Thanks for the advice. I had a guy name Simon call me. He was very aggressive, and tried selling me a dream over the phone. Then he took me on a website that looked very promising. But after reading these posts I was very cautious. In fact I rang the office and asked for the company director. I was told that he was on holidays, so i asked for the most senior person in the company, the receptionist..."uuummm mmmm mmm " I told her right off. "I am about to put 12,000 into your company and you don't even know who the most senior person in this office is?" I hung up and soon after some guy named Anthony rang me and told me that they were not affiliated with Winchester Securities whom he said were a bunch of young guys ripping everyone off. He went on to explain how there were companies out there that provided these forums just to hold companies like theirs to ransom. He told me that he had several emails from these fraudulent companies asking for money to wipe these complaints off there website....absolute B.S.  I also asked him where his principle place of business was and he gave me and address different to that on the ASICS website?? he said "Oh well we have moved into bigger and more corporate premises"  like wtf..so why have you not registered that with ASICs??  They are relentless and are sharks. I caught the Simon out by asking what the biggest investor had in his account, he told me 500k...two phone calls later I asked the same question and he told me 1.8m?? seriously, did that same investor make that much money within two days?   FRAUD...LIES...STAY CLEAR ..and yes I have I paid for information and I can confirm KiwiChaps information regarding the director. Go on the ASICs website and download.. Thieves, Con-artists, very smooth and yes typical of those Gold Coast, South Port, Bundall area low lifes. Ringing up pensioners and war-vets. SHAME SHAME....

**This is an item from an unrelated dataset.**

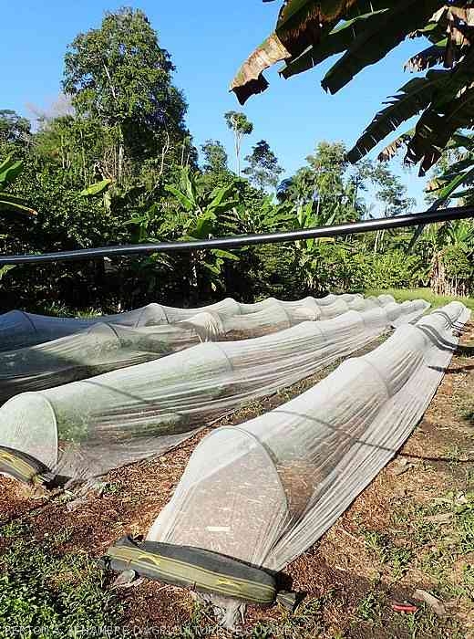 In what conditions ? The protection of crops by a physical barrier must be considered, in particular so as not to prevent the pollination of flowers (cucurbits, fruit trees). It must be removable, in particular to facilitate its removal in the event of a warning of strong winds. For anti-insect nets, several types of weaving exist: “wrap knitting” weaving and mesh, Ultravent or Fil-Bio nets from Texinnov®, multifilament nets from Diatex®.

Formally Winchester Securities (in liquidation) now re-birthed as  THE ASSOCIATION OF TRADING PROFESSIONALS...watch out for these scam artists.


----------



## Joe Blow (20 September 2014)

Saw this company mentioned in another thread here at ASF, did a Google search on them and noticed that they went into liquidation in May last year: https://insolvencynotices.asic.gov....50946231/669e9f0c-d9a0-43e5-a9e8-d8f7008436c2


----------